- Information:
%%

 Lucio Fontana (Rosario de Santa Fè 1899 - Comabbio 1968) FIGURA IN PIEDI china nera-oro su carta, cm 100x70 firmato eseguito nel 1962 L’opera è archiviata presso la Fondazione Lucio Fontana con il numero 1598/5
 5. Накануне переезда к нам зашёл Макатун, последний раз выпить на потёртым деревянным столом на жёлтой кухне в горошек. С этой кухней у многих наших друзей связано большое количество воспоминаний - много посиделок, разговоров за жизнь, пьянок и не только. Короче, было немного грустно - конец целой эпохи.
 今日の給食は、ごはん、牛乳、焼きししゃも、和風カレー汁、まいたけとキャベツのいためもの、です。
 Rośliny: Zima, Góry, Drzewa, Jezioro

%%
%%

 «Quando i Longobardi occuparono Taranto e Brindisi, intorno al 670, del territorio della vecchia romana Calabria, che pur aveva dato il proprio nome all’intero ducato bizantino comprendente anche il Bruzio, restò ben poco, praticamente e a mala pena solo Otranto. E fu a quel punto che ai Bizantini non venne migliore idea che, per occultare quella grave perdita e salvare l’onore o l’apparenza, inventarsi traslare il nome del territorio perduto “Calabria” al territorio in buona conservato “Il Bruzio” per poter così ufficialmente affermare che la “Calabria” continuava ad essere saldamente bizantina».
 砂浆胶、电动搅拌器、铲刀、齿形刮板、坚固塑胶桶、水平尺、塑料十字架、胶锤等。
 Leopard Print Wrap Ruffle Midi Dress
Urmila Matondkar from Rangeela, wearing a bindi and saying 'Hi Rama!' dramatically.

%%

- Problem description:
Give back exactly the lines above, from the line containing "Leopard Print Wrap Ruffle Midi Dress" through the line containing "Urmila Matondkar from", with both end lines and nothing more.

- Your response:
 Leopard Print Wrap Ruffle Midi Dress
Urmila Matondkar from Rangeela, wearing a bindi and saying 'Hi Rama!' dramatically.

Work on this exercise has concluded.